Who needs Ord for Sets and Maps anyway?
Okasaki, C. DR EECS
Christopher.Okasaki at usma.edu
Tue Jan 17 11:23:17 EST 2006
Adrian Hey wrote:
> Well, speaking of "non-trivial comparisons" reminds me of something
> that's been worrying me about this whole approach to implementing
> Sets and Maps. I.E. Requiring that element/key types are instances
> of Ord and assuming that lookup etc is achieved by performing some
> kind of binary search.
>
> This seems wrong in general. [...]
and
> This also highlights another reason why IMO specifying "biasing"

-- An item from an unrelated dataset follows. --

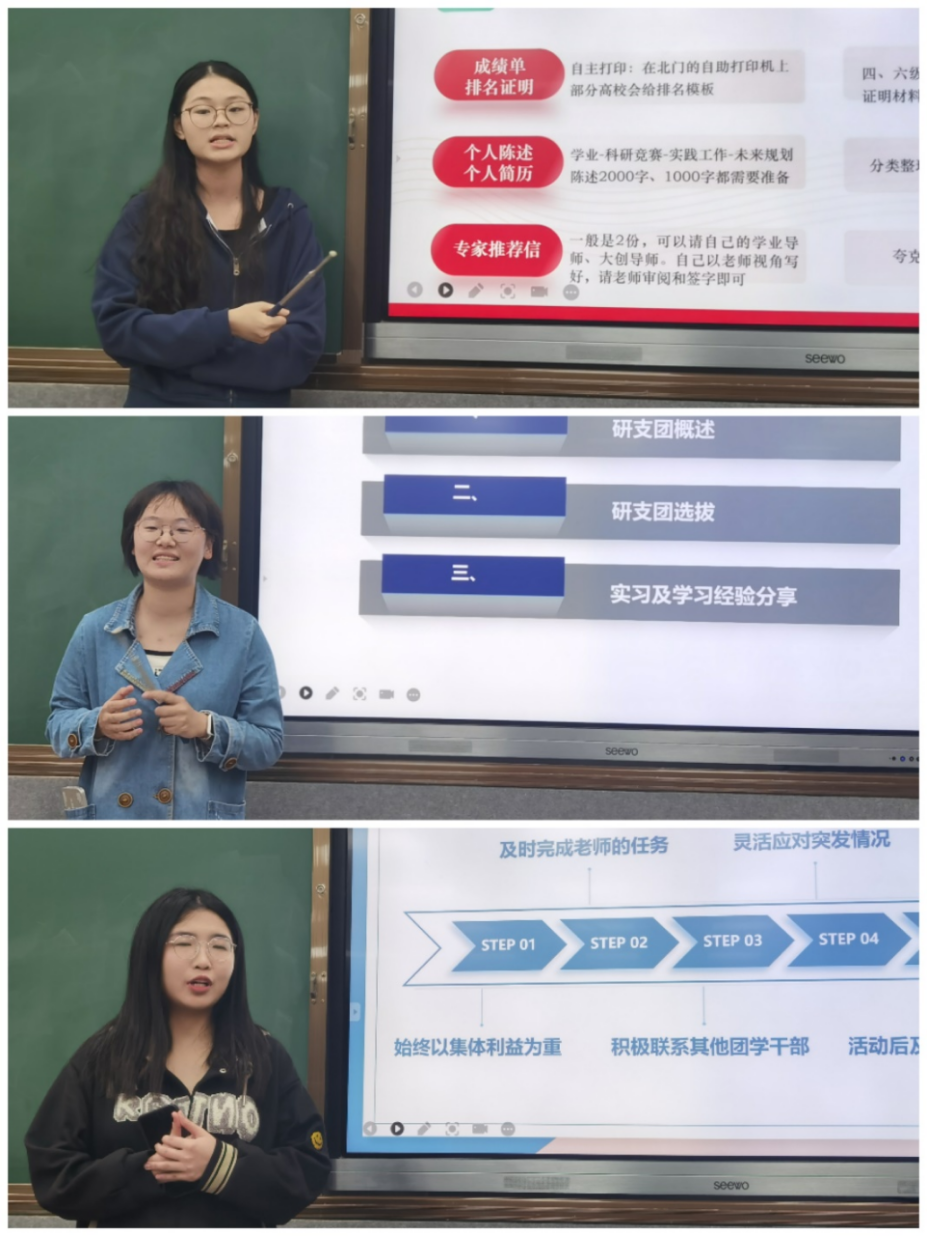 本次报告会邀请了曾荣获国家奖学金、国家励志奖学金、学校奖学金等集体或个人荣誉的3名同学进行分享,她们结合自身经历,分别从专业课程学习、保研条件以及班级团学工作经验等方面分享了自己的学习心得、成长经历和感悟建议。本21护理01班赵平详细讲述了保研的基本条件、参加夏令营和保研的前期准备、面试注意事项等内容,她认为自信是很重要的一个要素,并鼓励学弟学妹们要相信自己,明确目标并坚持到底。本21护理08班胡奕从研究生支教团的申报条件、选拔考核方式、面试要求等进行了分享,进一步分享了自己的实习经验和学习方法,提醒同学们要坚定理想,遵纪守法,成绩优秀,吃苦耐劳,保研的道路上要准备的东西有很多,不要忘记保持良好的心态。本22护理06班张娅婷则从担任班长和院团委办公室主任的角度,分享了自己在团学和班级工作上的经验体会,并对学弟学妹们提出四点建议和希望:一、珍惜时间,努力学习;二、勇于担当、保持热情;三、关注自我,拒绝内耗;四、展望未来,提前规划。

> is bad, because doing this implicitly assumes that Sets/Maps somehow
> contain concrete structural representations of elements/keys.
> This is not necessarily so. It's not true with any implementation
> like that described above (or even simple tries).
You've just highlighted why the collections hierarchy in Edison was a
lattice of 8 classes. Basically, there are two choices in each of three
different dimensions:
1. The set/map distinction
2. Require Ord or don't (your first point above)
3. "Observable" or not (your second point above)
I think the last point is the one that caused the most confusion, but it
is exactly the issue you highlight above -- some structures contain the
actual elements/keys, but some (such as tries or sets based on bitmaps)
don't. The non-observable parts of the hierarchy are there precisely to
support implementations like tries and bitmaps where it is not easy to
get your hands on the actual elements.